The Crawford looks awful nice. Perhaps when I have 375. that's not burning a hole in my wifes pocket   I could consider it.  I have had the opporunnity to "break in" the large Timberline model at work.  I smiled.   I am looking forward to The Running of the Salmon, sort of like the Running of the Bulls in Pamplona.  One of my friends/students/asst. instr. has some family in Seattle, so he may make it a longer trip for himself. We'll see.


----------



## Don Rearic (Feb 10, 2002)

> _Originally posted by arnisador _
> *Can you get a paired training blade with this?*



If you wanted a Training Version and you purchased two WORTACs, just E-mail me and I can give you my address and you could send it to me and I'd turn it around in a couple of days Priority Mail to you and you will have a Trainer!

Just $6.00 for return shipping.


----------



## Bob (Feb 10, 2002)

> _Originally posted by Pappy Geo _
> *Mao,
> 
> In the last quarter 2001 Timberline sold well over 4000 of these knives around the world. Stop and think about that for a minute how popular that must be and figure out the gross value of that many knives. The sales movement is exponential as the word gets out.
> *



Just a little update to my buddies, Geo's numbers: The 2001 stats total 5,347 small Wortac and 4,631 large Wortac, that is a total of 9,978 Wortac knives sold in one year. 
Congratulations Datu Worden, that is a huge accomplishment for not only you but when you think about it, it also brings more attention to Modern Arnis blade system...........
Bob


----------



## Mao (Feb 10, 2002)

Well, as active as Kelly is in the modern arnis community at large, I hope he finds time to get The Presas into production.
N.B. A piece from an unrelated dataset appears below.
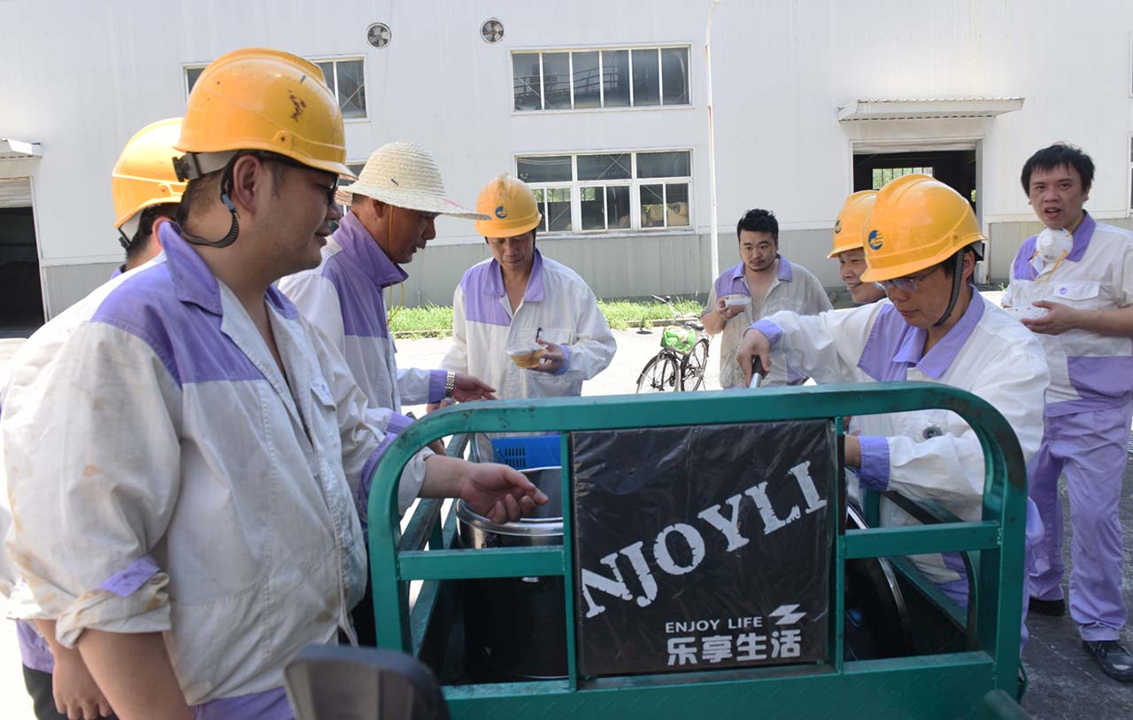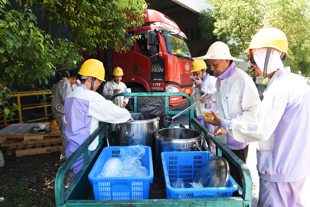 烈日炎炎,酷暑難擋,集團(tuán)公司廣大員工堅(jiān)守崗位,奮戰(zhàn)高溫。今天下午,總務(wù)部開(kāi)始為高溫一線員工送上涼爽可口的消暑湯。和往年一樣,氣溫在35℃以上的日子,總務(wù)部將在每天下午把解暑湯送到生產(chǎn)現(xiàn)場(chǎng),冰鎮(zhèn)綠豆、銀耳羹、蝦皮咸菜湯……品種每天有變化,讓員工在酷暑天感受到公司的關(guān)懷。保持旺盛干勁。

Thats another one I'mma gonna wanna have, having handled a proto type.


----------



## Bob mCcluskey (Apr 1, 2002)

I personally know how much time Datu Worden put into developing the Wortac series.  I liken it to other functional works of art where a tremendous amount of thought and tweaking (years) went into the final product.  It was designed with practicality, feel and effectiveness in mind.  The Wortac knives
certainly meet this demanding discription.  Everyone I show it to light up with interest because these knives offer what we are 
looking for in a combative weapon.


----------



## Bob Hubbard (Apr 1, 2002)

I know what you mean.  Its got a very comfortable grip.  To me, its not exactly a good looking knife (I prefer the lines on Gil Hibbens myself, personal opinion thing, not meant as a slight on the knife by any means.), but it definately has a good feel to it.  I'd be interested in knowing how Datu Worden designed it.  I mean the thinking behind the styling, features, etc.  Gil Hibben makes 'purty' blades that look good on a wall, more of a 'display' concept (the ones I've seen).  Kelly Worden makes blades that feel good in the hand, with a more functional design.

Personally, I'd rather have the right tool for the right job. It seems the Wortac can fill many jobs.  (ie, is a versitile tool, rather than just looks good)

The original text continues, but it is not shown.